» Collected material:
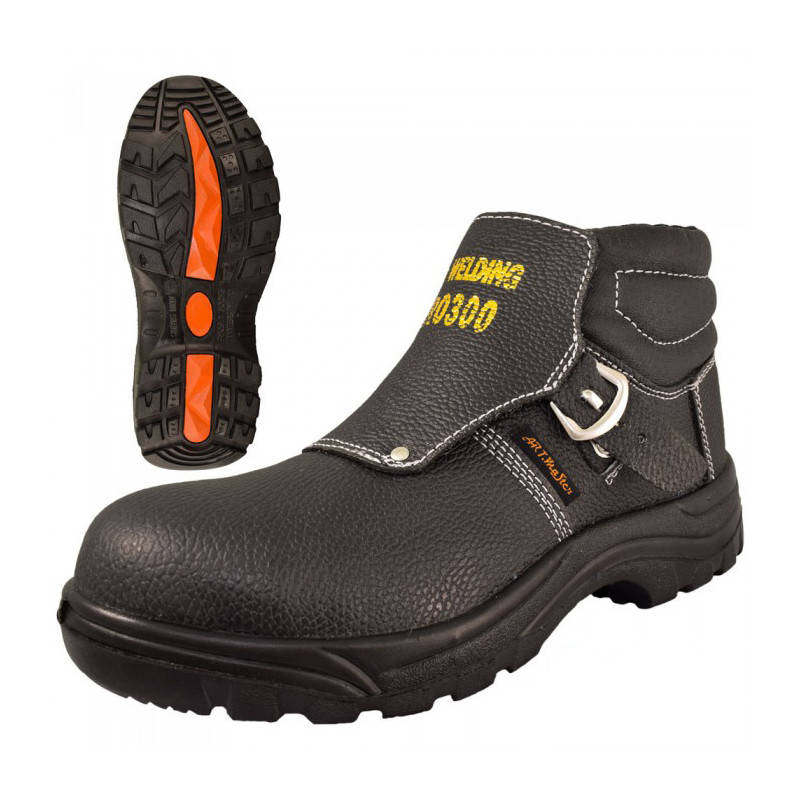 Защитная обувь сварщика со стальным подноском и стальной устойчивой к проколам вставкой из воловьей кожи с тиснением черного цвета. Конструкция верха оснащена внешним язычком для предотвращения попадания осколков внутрь обуви. Защищенная пряжка позволяет быстро расстегнуть ремешок.
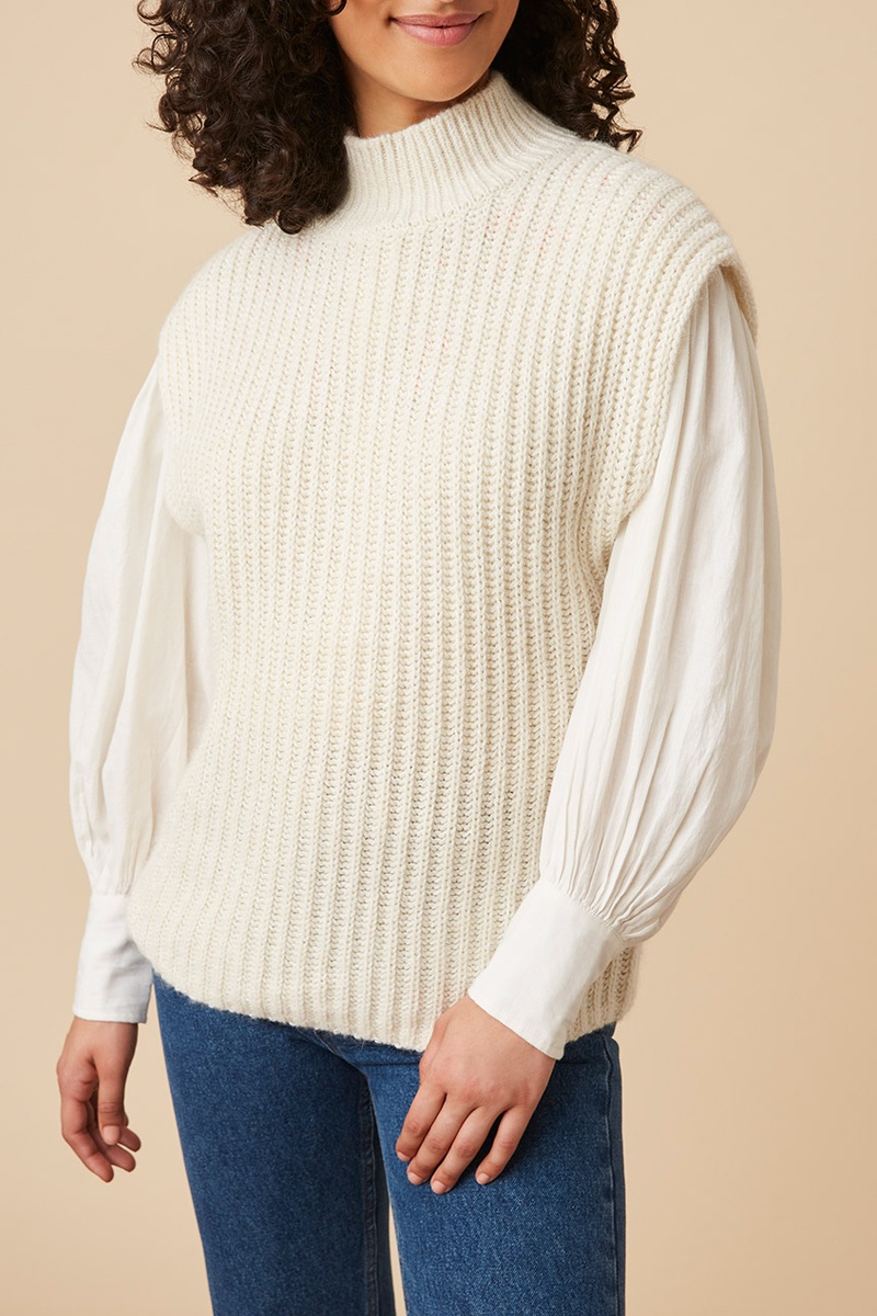 Pull en laine, mohair et alpaga mélangés à manches longues.
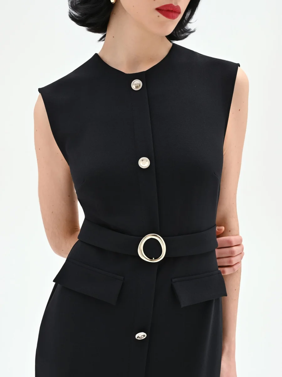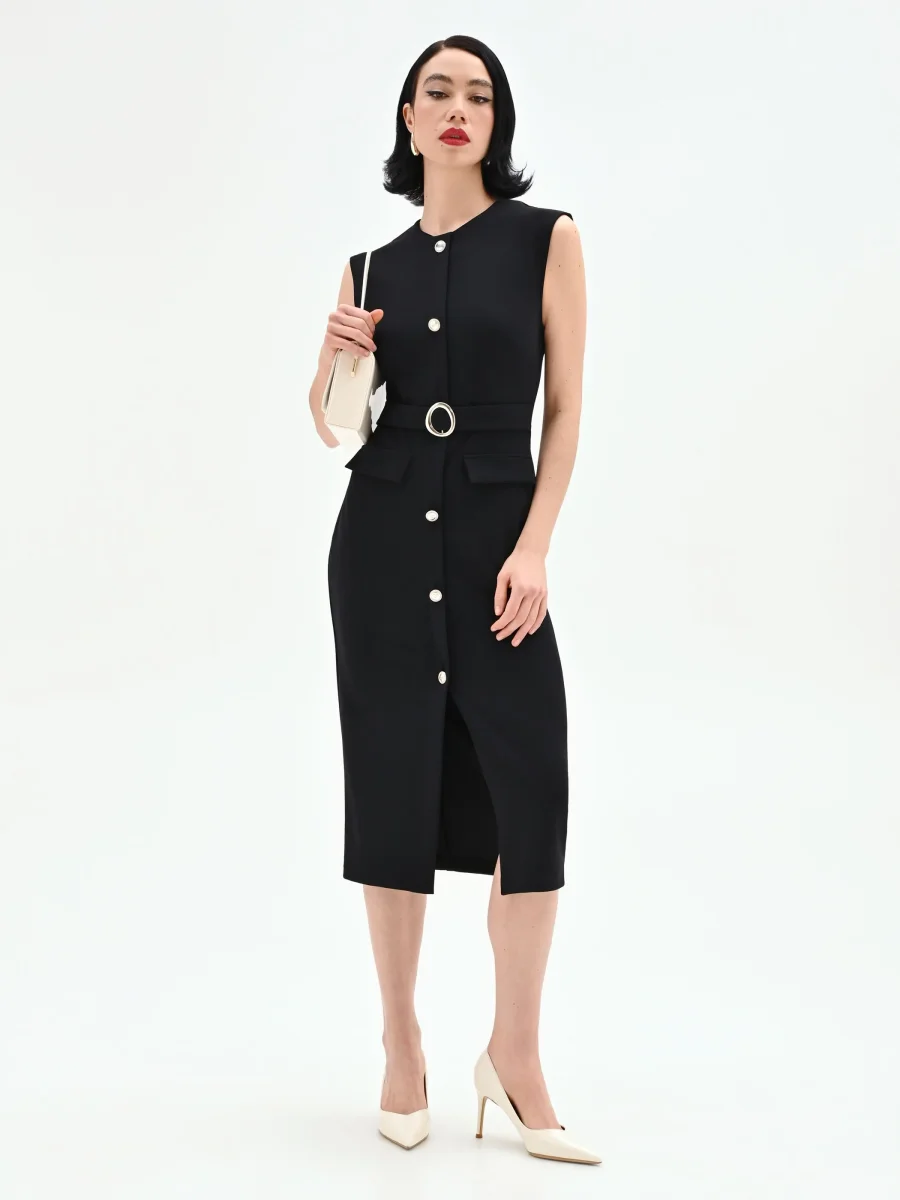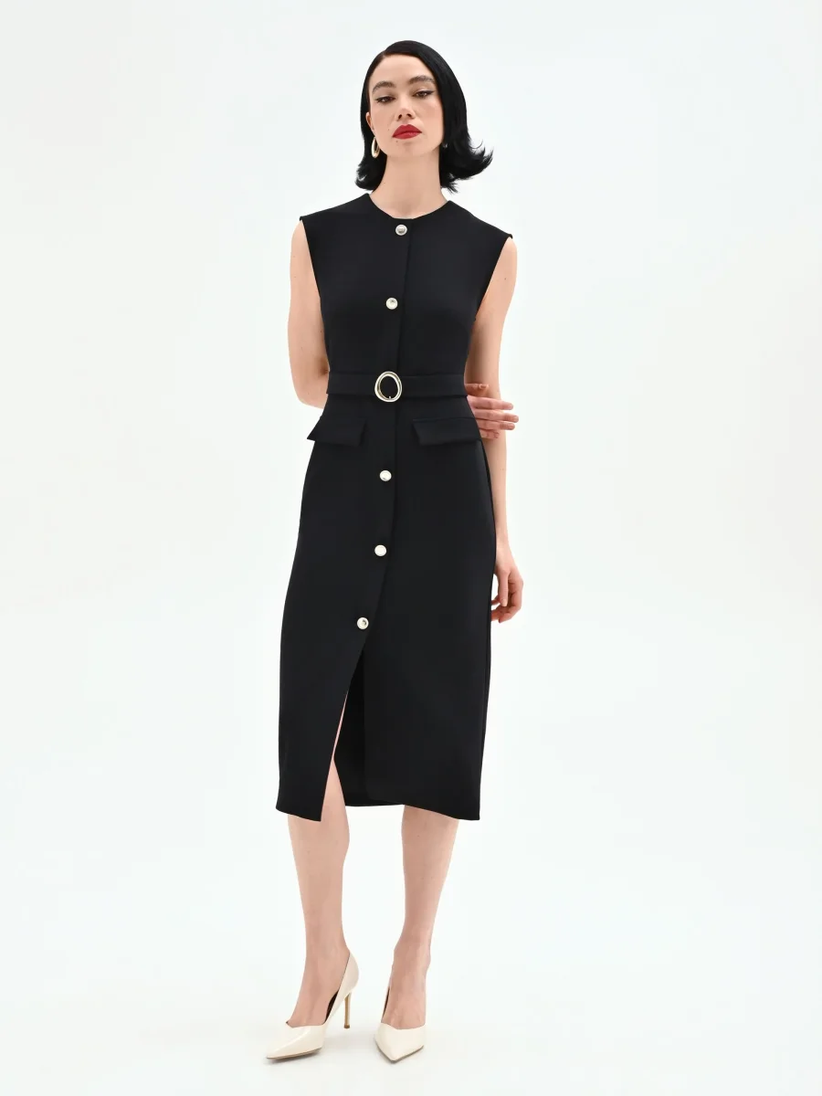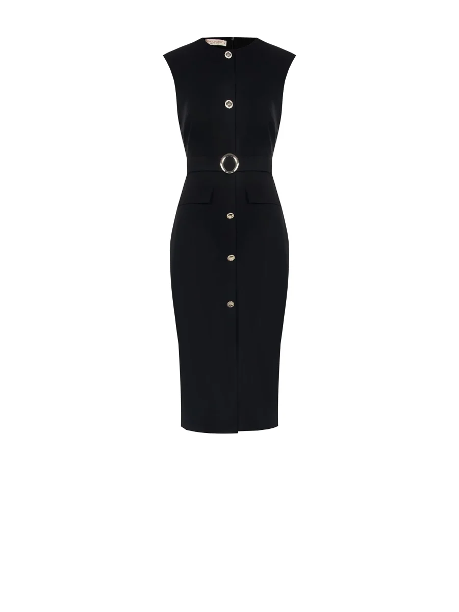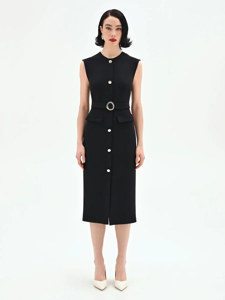 Il design di lunghezza midi è caratterizzato da uno scollo rotondo e da una fila centrale di bottoni con finitura metallica argentata che, insieme alla fibbia ovale della cintura tono su tono, creano punti luce sofisticati sul fondo scuro. Le tasche a filetto con patta aggiungono un dettaglio geometrico e funzionale all’estetica d’insieme, mentre la chiusura con zip assicura una vestibilità precisa e aderente.

» Exercise directions: Retype all of the listing above exactly, but keep its pictures out.

» Written reply:
 Защитная обувь сварщика со стальным подноском и стальной устойчивой к проколам вставкой из воловьей кожи с тиснением черного цвета. Конструкция верха оснащена внешним язычком для предотвращения попадания осколков внутрь обуви. Защищенная пряжка позволяет быстро расстегнуть ремешок.
 Pull en laine, mohair et alpaga mélangés à manches longues.
 Il design di lunghezza midi è caratterizzato da uno scollo rotondo e da una fila centrale di bottoni con finitura metallica argentata che, insieme alla fibbia ovale della cintura tono su tono, creano punti luce sofisticati sul fondo scuro. Le tasche a filetto con patta aggiungono un dettaglio geometrico e funzionale all’estetica d’insieme, mentre la chiusura con zip assicura una vestibilità precisa e aderente.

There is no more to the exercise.